Penyerapan Aspirasi masa persidangan II tahun sidang 2021-2022 ini dihadiri Tokoh Masyarakat, agama, pemuda, dan warga Kampung Timur.

Dalam Reses terdebut, banyak aspirasi yang disampaikan Masyarakat diantaranya Infrastruktur, dan penerangan lampu jalan.

Merespon aspirasi tersebut, Robinson Totong sangat antusias terhadap harapan masyarakat, ia menegaskan akan bekerja keras agar Aspirasi ini dapat berjalan dengan baik.

Lebih lanjut disampaikannya, apabila pemerintah daerah tidak menganggarkan jalan tersebut, dirinya terus berupaya setidak- tidaknya pengerasan jalan agar bisa lebih mudah dilalui.

Terhadap aspirasi warga di Kampung Timur akan terus ia kawal, karena sudah beberapa tahun lalu aspirasi ini pernah di sampaikan namun tidak terealisasi.

” Apa yang pernah kita sampaikan beberapa tahun yang lalu itu belum terealisasi, maka tugas kita bersama untuk terus memperjuangkan, mengawal jangan kita putus asa karena tidak terealisasi tahun ini.” tegasnya.

Ditambahkannya, berbeda dari tahun sebelumnya anggota DPRD Nunukan mengalokasikan anggaran aspirasi, namun beberapa tahun ini nihil.

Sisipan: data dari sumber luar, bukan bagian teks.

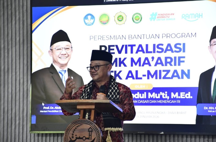 Majalengka – Menteri Pendidikan Dasar dan Menengah Republik Indonesia, Abdul Mu’ti bersama Wakil Bupati Majalengka, Dena Muhamad Ramdhan, menghadiri peresmian Revitalisasi Pendidikan dan Sosialisasi Tes Kemampuan Akademik (TKA) 2026 yang digelar di SMP Negeri 1 Jatiwangi, Selasa (20/1/2026).

Karena itu DPRD hanya sebatas menyerap aspirasi, namun tidak memiliki kewenangan menentukan anggaran dalam merealisasikan pokok- pokok pikiran dari seluruh kelurahan yang ada di Nunukan.

” Kami akan mengawal aspirasi masyarakat dengan mengagendakan dalam pokir DPRD Nunukan dan selanjutnya dibawah ke tingkat musrenbang, agar tahun 2023 program ini menjadi skala prioritas,” ungkapnya.#Adv.